Further, let the information structure of the players be such that the common and private information evolve as

	$\displaystyle{{Z}}_{t+1}$	$\displaystyle=C_{t+1}\setminus C_{t}=\zeta_{t+1}({{P}}_{t}^{1:2},{{U}}_{t}^{1},{{Y}}_{t+1}^{1:2})$		(81)
	$\displaystyle{{P}}^{i}_{t+1}$	$\displaystyle=\xi_{t+1}^{i}({{P}}_{t}^{1:2},{{U}}_{t}^{1},{{Y}}_{t+1}^{1:2}).$		(82)

In this model, Team 2’s actions do not affect the system evolution and Team 2’s past actions are not used by any of the players to select their current actions. Any information structure that satisfies these conditions satisfies Assumption 2, see Appendix F-C for a proof.

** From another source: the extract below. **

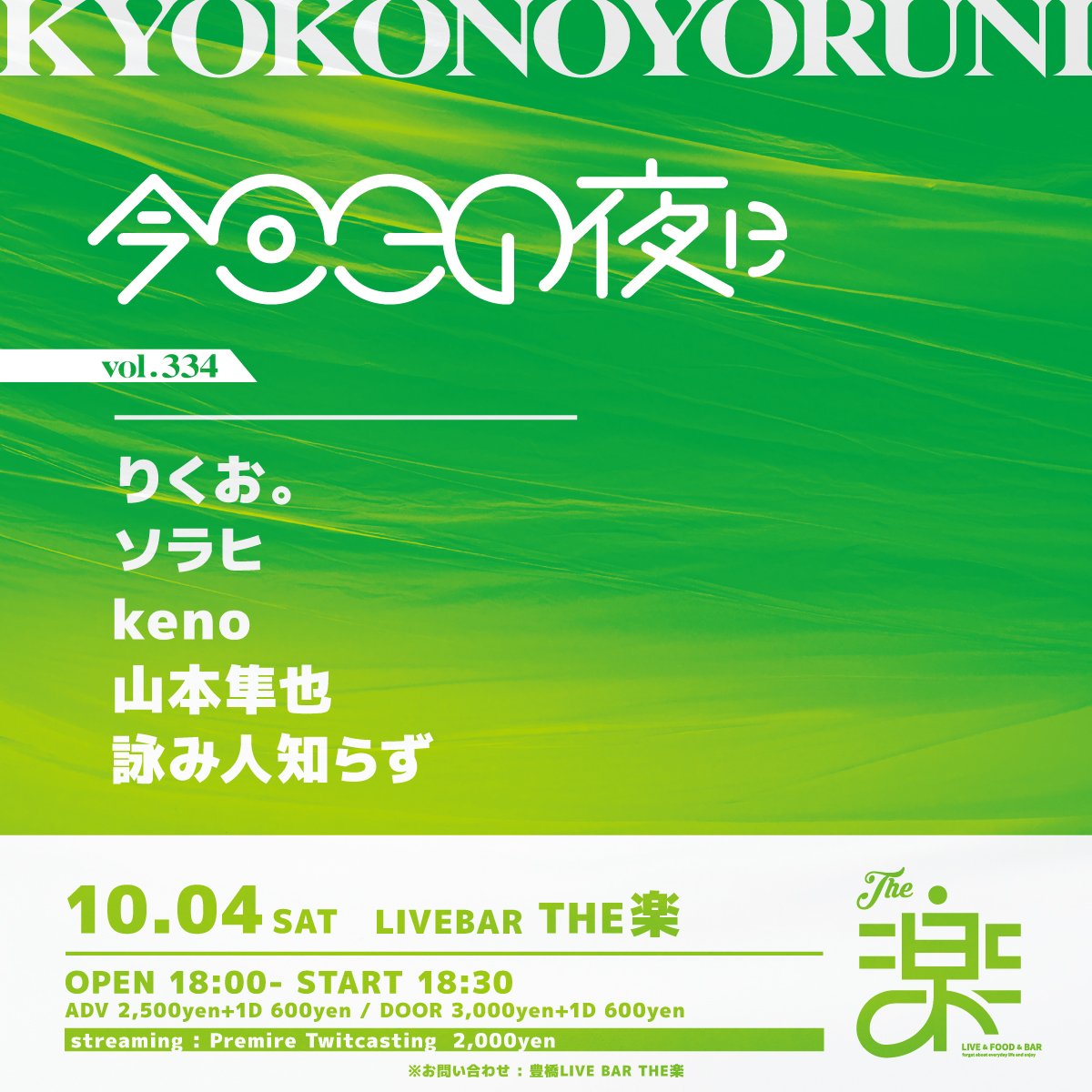 2025.10.4 SAT 今日この夜にvol.334 OPEN 18:00 START 18:30 CAST りくお。/ソラヒ/keno/山本隼也/詠み人知らず TICKET ADV : 2,500 円 DOOR : 3,000 円 入場時にドリンク代 600円 が別途必要となります。 STREAMING 2,000 円 プレミアツイキャス

E-B Global and local states

Consider a system in which the system state $X_{t}=(X_{t}^{0},X_{t}^{1},X_{t}^{2})$ comprises of a global state $X_{t}^{0}$ and a local state $X_{t}^{i}=(X_{t}^{i,1},\dots,X_{t}^{i,N_{i}})$ for Team $i=1,2$ . The state evolution is given by

$\displaystyle{{X}}^{0}_{t+1}$	$\displaystyle=f_{t}^{1}({{X}}_{t}^{0},X_{t}^{1},{{U}}_{t}^{1},U_{t}^{2},{{W}}_{t}^{s,1})$	(83)
$\displaystyle{{X}}^{1}_{t+1}$	$\displaystyle=f_{t}^{2}({{X}}_{t}^{0},X_{t}^{1},{{U}}_{t}^{1},U_{t}^{2},{{W}}_{t}^{s,2})$	(84)
$\displaystyle{{X}}^{2}_{t+1}$	$\displaystyle=f_{t}^{3}({{X}}_{t}^{0},{{U}}_{t}^{1},U_{t}^{2},{{W}}_{t}^{s,3}).$	(85)

Note that Team 2’s current local state does not affect the state evolution. Further, we have

$\displaystyle C_{t}$	$\displaystyle=\{X_{1:t}^{0},U_{1:t-1}^{1},U_{1:t-1}^{2}\}$	(86)
$\displaystyle P_{t}^{1,j}$	$\displaystyle=\{X_{t}^{1,j}\}\quad\forall j=1,\dots,N_{1}$	(87)
$\displaystyle P_{t}^{2,j}$	$\displaystyle=\{X_{t}^{2,j}\}\quad\forall j=1,\dots,N_{2}.$	(88)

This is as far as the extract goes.